Liberty Broadband is essentially a focused broadband holding company: most of its value and risk come from its stakes in Charter and GCI rather than from a diversified set of businesses. Financially, it shows gradually rising revenue and solid profitability, but with earnings that can swing from year to year as investment income and one‑off factors move around. The balance sheet carries meaningful but manageable debt, limited cash, and a substantial equity base tied to the value of its holdings.

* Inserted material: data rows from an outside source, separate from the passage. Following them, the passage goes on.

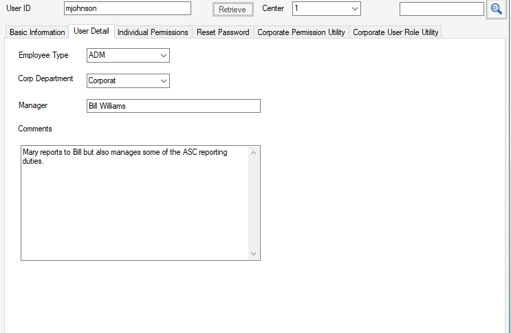 Managers and Security Administrators must be set as Center Administrators on this first tab in order to create and/or maintain additional users.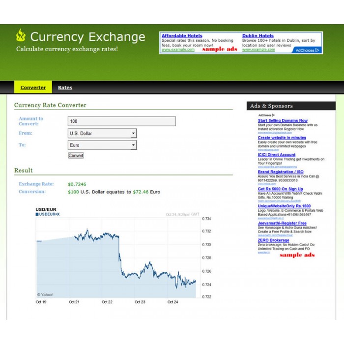 Currency Exchange Converter and Rates is a PHP script which will automatically calculate the exchange rate between two currencies. User enters in an amount, and then a from and to currency. Using the latest exchange rate between the two currencies selected will net you the converted monteary amount. Also, a graph of the exchange rate for the past 5 days is displayed.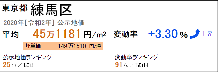 東京都練馬區(qū)最新公示地價平米單價平均為45萬1181日元/㎡(2020年“令和2年”),坪單價平均為149萬1510日元/坪,全國排名第25。從去年開始的變動率是+3.30%,變動率的全國名次是91位。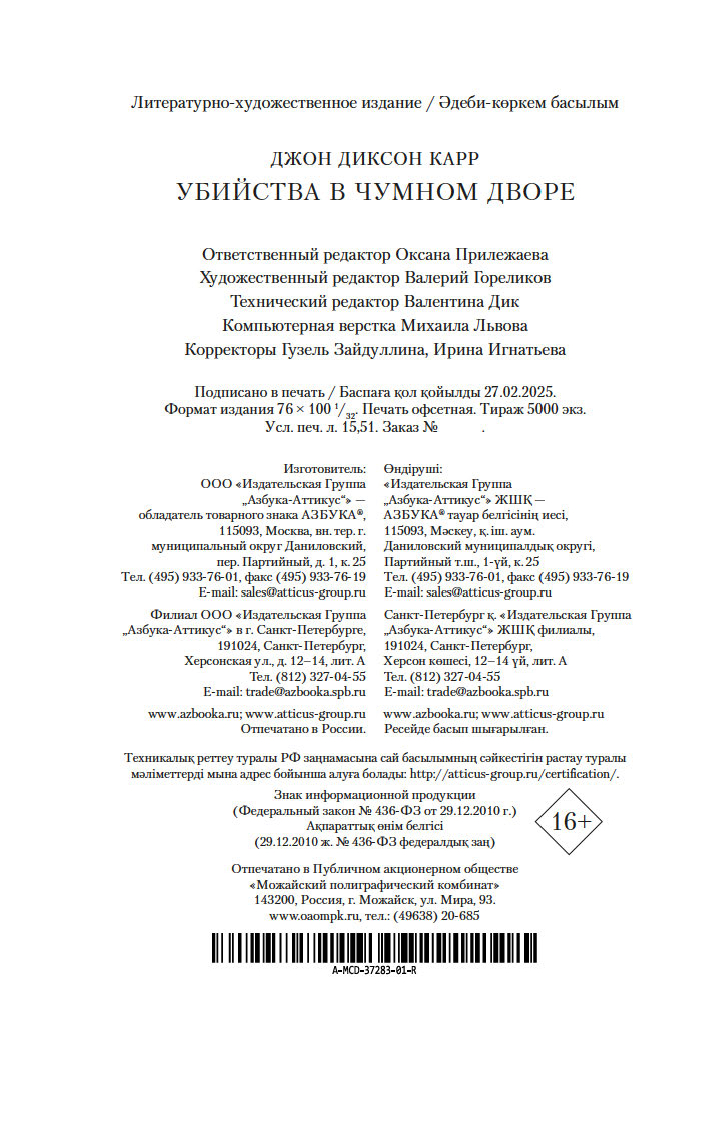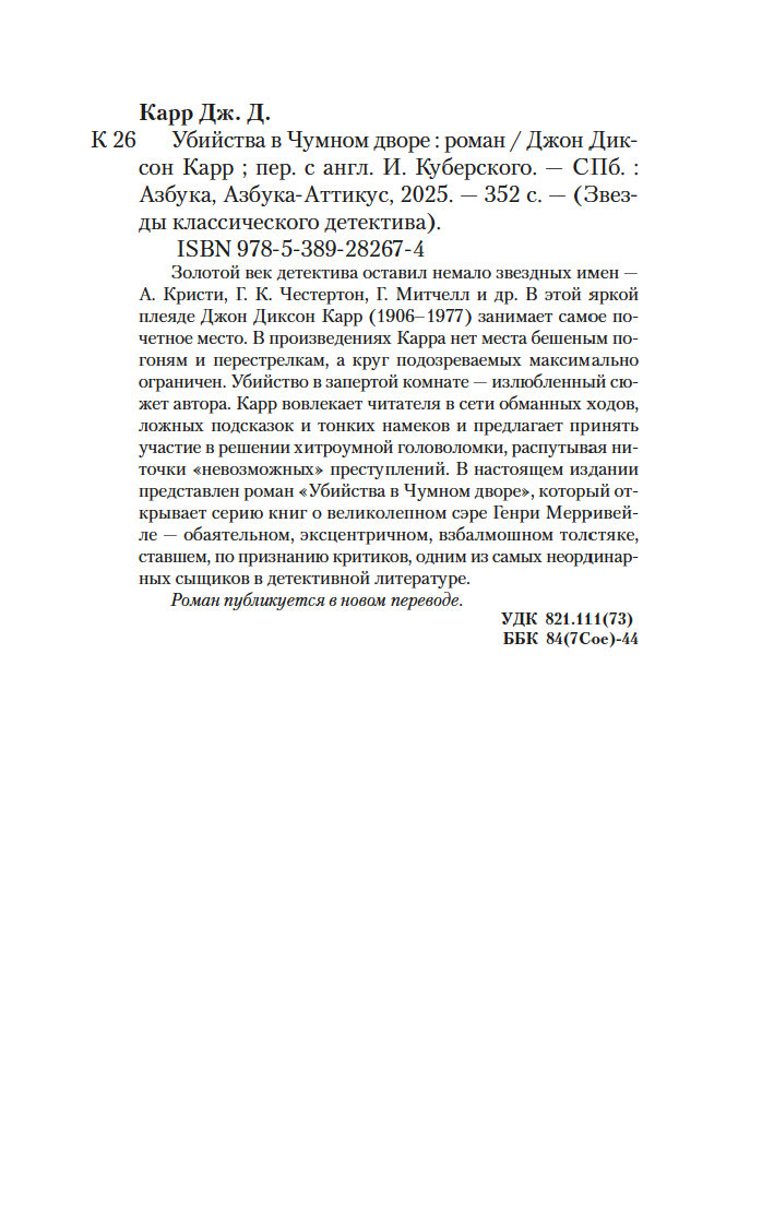 В настоящем издании представлен роман "Убийства в Чумном дворе", который открывает серию книг о великолепном сэре Генри Мерривейле – обаятельном, эксцентричном, взбалмошном толстяке, ставшем, по признанию критиков, одним из самых неординарных сыщиков в детективной литературе.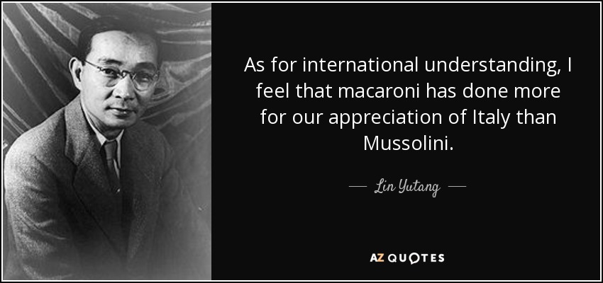 As for international understanding, I feel that macaroni has done more for our appreciation of Italy than Mussolini.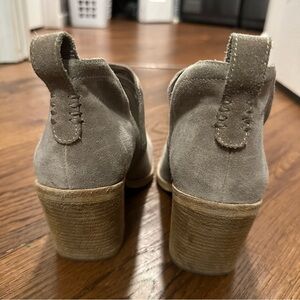 FEATURES: 3" stacked angled heel - slip on gray / greige taupe suede leather upper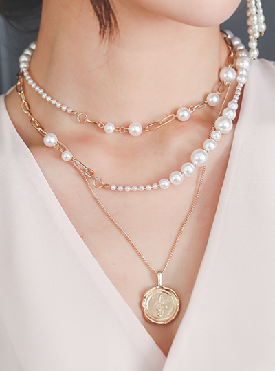 Pearl&Coin layered Gold Necklace(2set)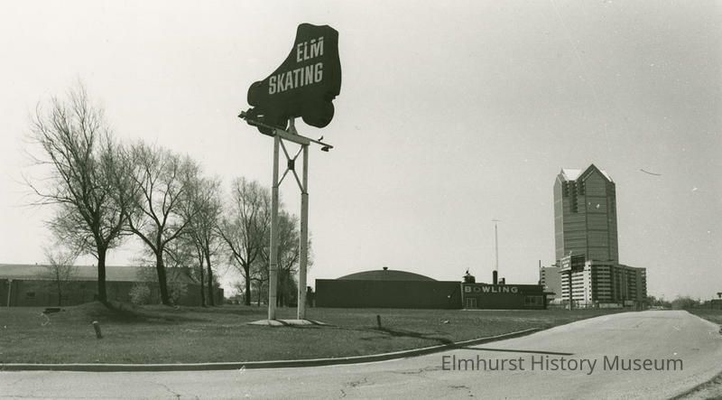 An elevated sign for "ELM SKATING," shortly before the rink's demolition in the summer of 1989. Elm Roller Skating was located at 357 W. Roosevelt Road. Elmhurst Bowling is in the background.Photograph Details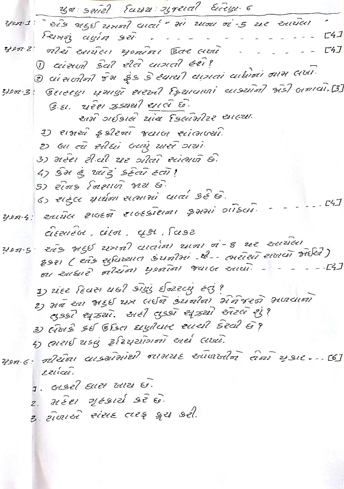 PUNAH UNIT TEST NUMBER-1 MATE STD-6 GUJRATI PAPER DOWNLOAD.

Cash flows are tight because ongoing network investments absorb more cash than the core operations generate, underscoring its role as a long‑term infrastructure investor rather than a near‑term cash machine. Competitively, its assets benefit from strong moats: Charter’s scale and infrastructure upgrades in the lower 48 and GCI’s entrenched position in Alaska. The strategic question going forward is how effectively Liberty Broadband can convert those technology upgrades and rural build‑outs into durable, steady cash flows, while balancing debt levels, limited liquidity, and exposure to evolving broadband and wireless competition.